Table 6. Dataset 4 (Date vs. Party hubs) predictions from classifiers trained using machine learning methods.
Approach | Best k | Accuracy | F1 Score | Precision | Recall | C.C. | AUC |
NB k-gram | 3 | 67.1 | 59.8 | .54 | .67 | .33 | .71 |
NB(k) | 3 | 65.1 | 58.0 | .53 | .64 | .29 | .65 |
Decision Tree | 1 | 53.5 | 55.4 | .50 | .62 | .08 | .53 |
SVM | 3 | 62.1 | 59.0 | .59 | .59 | .24 | .66 |
ANN | 2 | 66.2 | 55.5 | .70 | .46 | .30 | .69 |
Naive Bayes | 1 | 65.2 | 57.5 | .66 | .51 | .29 | .70 |
Domain-based | N/A | 59.1 | 30.2 | .62 | .20 | .14 | .57 |
Homology-based | N/A | 29.8 | 22.0 | .22 | .22 | −.43 | N/A |
HybSVM | N/A | 69.2 | 62.6 | .71 | .56 | .37 | .68 |
Accuracy, F-measure (F1 Score), precision, recall, correlation coefficient (C.C.), and area under the receiver operating characteristic curve (AUC) of classification for the multi-interface versus singlish-interface dataset are presented.
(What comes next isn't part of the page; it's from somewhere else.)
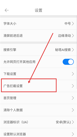 3、在设置页点【广告拦截设置】选项,就能进入对应的配置页面,调整广告拦截的相关参数啦。
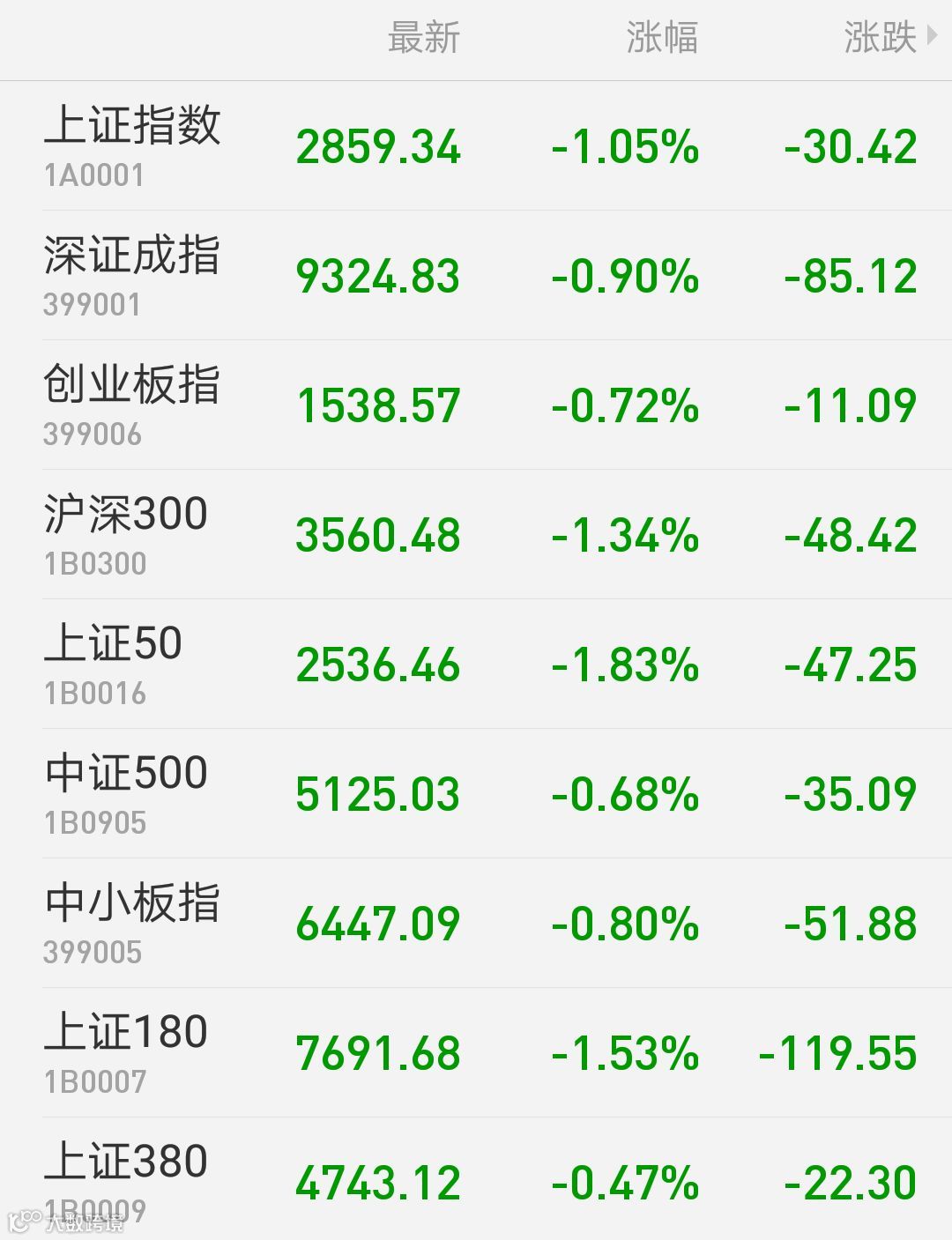 1、A股:上证指数报2859.34点,下跌1.05%,成交额1323.5亿;深证成指报9324.83点,下跌0.9%,成交额1755.54亿;创业板指报1538.57点,下跌0.72%,成交额581.30亿。两市合计成交3079.04亿。从盘面上看,工艺商品、酿酒行业等板块涨幅居前。

Accuracy and F-measure are reported in percentage. For each machine learning approach, values of k ranged from 1 to 4. Only the classifier with the best performing k-value (as defined by highest correlation coefficient) is shown. Our methods were estimated by cross-validation. The highest performing value(s) for each performance measure is highlighted in bold.